At school, thank goodness, I am usually just Jenny, or Jen. Nobody knows that at home I am Pumpkin. Only my best friend, Saffy, and she would never tell. We are hugely loyal to each other. Saffy is the only person in the entire world that I would tell my secrets to, because I know she can be trusted and would never betray me. Needless to say, I would never betray her, either, except maybe under torture, as I am not very brave. If people started pulling out my toenails with red hot pincers, or trying to drown me in buckets of water, I have this horrid feeling that I might perhaps talk. But not otherwise! Like the time in Juniors when she confided to me this big fear she had that she was not normal. She’d heard her mum telling someone how she’d been born in an incubator. Saffy, that is.
“I think I may have developed in a test tube… I could be an alien life form!”
Well, we were only nine; what did we know? Poor Saffy was convinced she was going to start sprouting wings or turning green. Later on, of course, she discovered that she had been born too early and had been put in an incubator, so then she stopped worrying about being an alien and got a bit boastful.
“I was a premature baby!”
Like it was something clever. If ever she starts to get above herself I remind her of the time she thought she was an alien, but I have never told a living soul about it and I never will. Her secret is safe with me! Because that is how it is with me and Saffy.
Maybe because of being premature, Saffy is incredibly dainty. She is not terribly pretty, as her nose is a bit pointy and her mouth is rather on the small side, but she is very sweet and delicate-looking. She has green eyes, like a cat – she really ought to be called Emerald, not Sapphire! – and feathery red-gold hair. Oh, and she has freckles, which she hates, but which personally I think are really cool. I would like to have freckles! I once tried painting some on out a rather horrible boy in our class yelled “Spotty!” at me, so I didn’t do it any more.
Alone of all us three pennies, I take after Dad. Mum is slim and graceful: Dad is tubby. He is also a bit thin on top, which I am not! I have fair hair, like Petal – quite thick. But whereas Petal’s is thick and straight, mine unfortunately is thick and curly. Ugh! I hate curls. Another thing I once tried, I spread my hair on the ironing board and ironed it, to get the kinks out, but instead I just went and frizzed it up into a mad mess like a Brillo pad.

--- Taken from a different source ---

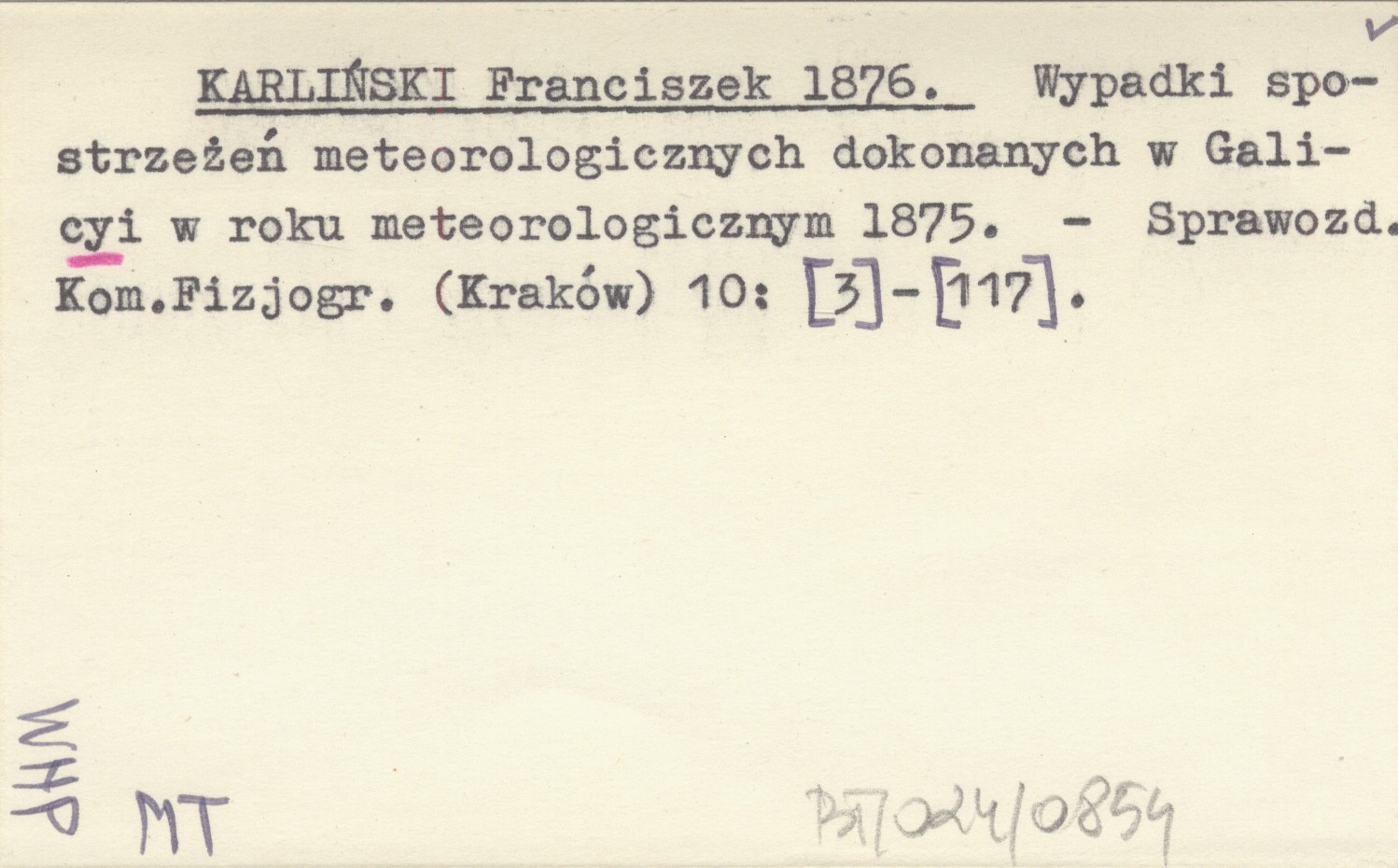 KARLIŃSKI Franciszek 1876 Wypadki spostrzeżeń meteorologicznych dokonanych w Galicyi w roku meteorologicznym 1875.

I didn’t try that again! Saffy suggested I should hang heavy weights off it, which seemed like it might work. So I collected up all these big stones from the garden and spent hours in my bedroom sewing little sacks for the stones to go in, I even stitched ribbons on to them – pink, ‘cos I wanted them to look nice in case anyone saw me – and I tied them on to my hair and went to bed all clunking and clanking in the hope that I would wake up in the morning with my hair as blissfully straight as Petal’s.
Well. Huh! What a brilliant idea that turned out to be. First off, I had to sleep on my front with my nose pressed into the pillow, as a result of which I nearly suffocated. Second, every time I moved a stone would go clonk! into my face. Third, I woke up with a headache; and fourth, it had no effect whatsoever on my hair. All that hard work and suffering for absolutely nothing!